It’s the early evening, dark already, and we’re in a lock. We’re sharing it with one other boat, a sailboat, and other than the wind the only sound is the clanging of its mast. Combined with the orange glow of the lampposts, it sets a foreboding atmosphere. Something’s coming. We watch in silence as the dark water sinks lower and lower, the concrete walls growing taller around us. The lockmaster comes to check on our ropes – “you guys have any lights at all? Are ya camping soon?”
We’ve set up about four metres from a railroad track – which turns out to be the most popular railroad track in America. I give up counting at fourteen trains throughout the night, blowing their whistles and rattling and shaking as though they’re coming through the tent. We’re restless throughout the night – the heat and the jarring noise of the trains keeps me up most of the night.
We awake to more wind, and as soon as we pack up, the downpour begins. Big round drops splatter us, face on. We don our ponchos and launch. It seems as though the rain will stop – how can it rain this much for a sustained amount of time? The wind makes it feel as though we’re paddling into a wall.
As the rain soaks through the life jacket, through the poncho, through the rain coat, through the sweater, a memory of tomorrow’s forecast flags in my mind. High of 32 (that’s freezing). We can’t be this wet in freezing temperatures.
So, it might be at this point that one would ask themselves… why??
We stop in a tiny town, landing on the rocky levee and stumble through town, me with water logged boots. We find a saloon, and settle in for a few hours. The only other customers stare as we remove layer after layer, stepping outside to wring out bootliners, socks, hoods, and sleeves. I walk barefoot into the bar.
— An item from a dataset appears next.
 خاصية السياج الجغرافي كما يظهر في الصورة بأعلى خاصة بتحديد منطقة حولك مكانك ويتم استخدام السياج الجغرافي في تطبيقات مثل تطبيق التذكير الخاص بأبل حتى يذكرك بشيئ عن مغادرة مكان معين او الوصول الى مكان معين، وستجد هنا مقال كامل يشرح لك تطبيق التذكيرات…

Following breakfast, lunch, and a chat with the bartender, we decide on a plan – head to her hotel in a nearby town – Ferryville. She describes it as “10 minutes south” – 7 miles driving.
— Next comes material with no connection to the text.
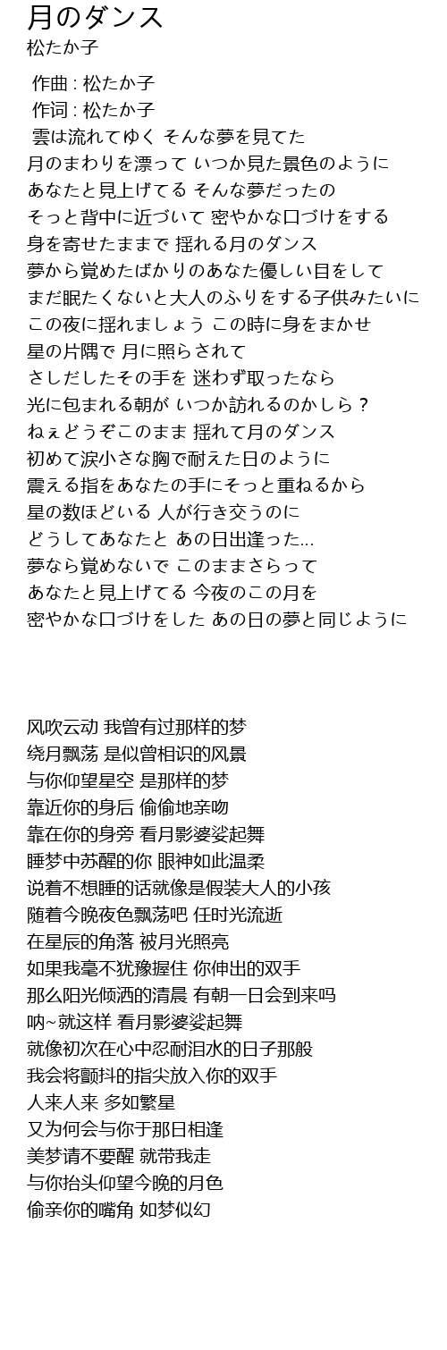 | [02:37.76] | ねぇどうぞこのまま 揺れて月のダンス |

We watch the raindrops splatter on the pavement out the window and finally decide to bite the bullet.
We leave at 1:30, and the wind has miraculously changed directions, 180 degrees, though the temperature is now dropping. Five miles go by fast, then seven. It’s getting noticeable colder. Hours go by. As we round eight miles, the rain changes to ice (temperatures have dropped to right around the freezing mark) and the river widens – to become Lake Winneshiek – and is three miles wide.
After a few navigational disagreements, we finally cut east. Ferryville was supposed to be on the main navigation channel, but a bad feeling tells me its not. I’m right. It’s across the lake, out of our way, and we’re now in the middle of a lake that, other than Ferryville, has only rocky levees and railway lines on either side, cut into the side of steep bluffs. The lake goes on for miles and miles.
We can see the other side; tiny cars drive along the road to what must be Ferryville. The waves are getting bigger now, and the wind is coming from our side. The water is dark grey, and big surges bob us up and down. My hips roll back and forth with the boat, as I try to keep paddling. Forwards and upright. Forwards and upright. Forwards and upright. I repeat it to myself over and over. Focus on what’s right in front of you. Don’t think about anything else. Fear sets in, taking over from my frozen extremities as my main concern.
The surges turn to whitecaps, and they crest as they hit us broadside, either splashing over the side of the boat, or underneath us, bursting us sideways.
We paddle across the lake, my fingers clasping the paddle so hard I don’t know if they will ever take another shape again. I try not to think about tipping.
The hotel finally comes into focus, and we land on a rocky levee, our fingers and toes freezing. We unload the canoe with great difficulty and run for warmth. It’s waiting for us.
A tiny cheap hotel room with old curtains and one small crooked picture of geese on the wall has never felt so sweet.
Ok – seriously, why?
Why would someone sign up for a trip where instant mashed potatoes are the sweet reward dreamt of during the day, when cold weather is a real concern, and resulting in fingers so stiff they function more like robotic claws?
I genuinely do enjoy this. So many days of normalcy pass by without notice. I will never remember them. They slip into blurry obscurity, as life passes by in a whir of daily grinds. But when I yank myself out of my comfort zone, time slows. Each second is stretched out and etched into memory. I learn something as I push the limits of what I’m used to or comfortable in.
I realized a few years ago that when I did things that were hard, or uncomfortable, or downright miserable, I actually enjoyed the reward at the end more. I was happier overall. We live in a hedonistic society – we do what feels good now. We seek certainty, comfort. But when I already know what the outcome is, it lacks the appeal. I live for adventure, for new experiences, for being open to whatever life throws my way.
This is, of course, when a reasonable person may raise an objection about the distinction between pushing outside your comfort zone, and barging right through into a danger zone. But we put ourselves into socially acceptable danger every day – hurdling down the highway in metal boxes at 100km/hour, for example. I try to be reasonable.
But we can all benefit from looking our fears straight in the eye, no matter how big or small; from testing our limits just a little. We’re often surprised to find they’re not where we thought they would be.